The “survey” respondents also took the time to tell us which states’ courts are the most, and least, favorable to Corporate America. The top five states, according to them, are Delaware (often called a subsidiary of DuPont), Vermont, Nebraska, Iowa, and New Hampshire. See any states in there with a lot of minorities and poor people who might not look kindly on big corporations abusing their power? The bottom five states, they say, are West Virginia, Louisiana, Illinois, California, and New Mexico. Ask yourself the same question. I question some of these rankings. Most plaintiffs’ lawyers would list the Texas state courts as one of the most pro-business in the nation. But maybe the state’s so big that they don’t want to admit that. The states they rank highest are all fairly small.

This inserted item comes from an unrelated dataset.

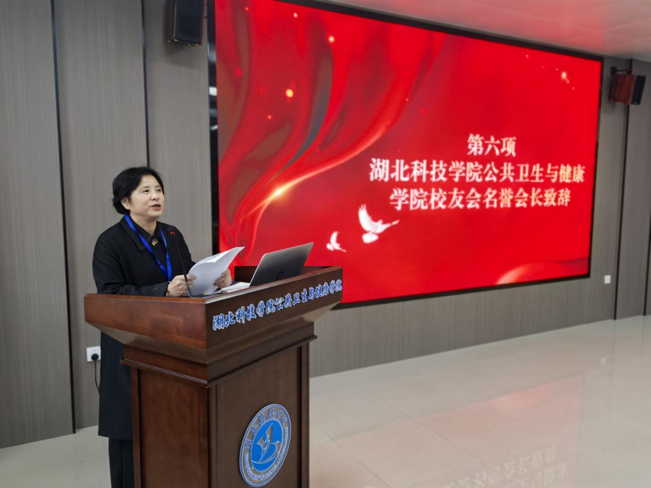 名誉会长——湖北科技学院公共卫生与健康学院院长陈子敏在讲话中强调,校友是学院最宝贵的财富,是学院发展的重要支撑。她希望校友会能成为连接母校与校友的桥梁,推动资源共享、合作共赢。
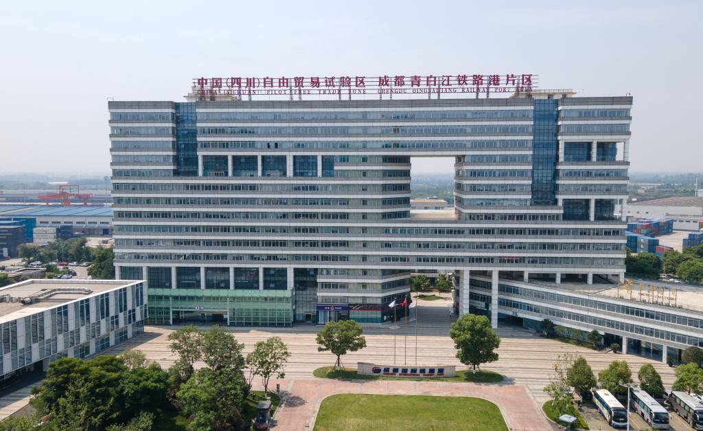 中國(guó)(四川)自由貿(mào)易試驗(yàn)區(qū)成都青白江鐵路港片區(qū)(2024年6月13日攝,無人機(jī)照片)。新華社記者 唐文豪 攝

If you want to figure out which states have juries most likely to hold big corporations accountable, try reversing the order. These are the states the Chamber of Commerce regularly uses this “survey” to label “judicial hellholes.” In reality, however, a “hellhole” for corporations violating the law may be “heaven” for those seeking justice against businesses that cheat or injure consumers (for more on this, click here).
What we need in America are state and federal court systems that are fair – and biased in no one’s favor. Unfortunately, the Chamber of Commerce’s latest propaganda piece shows we are far from that goal and, for some time, things have been getting worse. Big businesses’ own lawyers say that state court systems have turned increasingly in Corporate America’s favor since the “survey” began.
This needs to stop. Our courts systems need to turn back to being even-handed. That’s the only way justice can be done.
[Reprinted with permission of Mr. Bryant. Mr. Gaudet is a member of Public Justice, the organized chaired by Mr. Bryant.]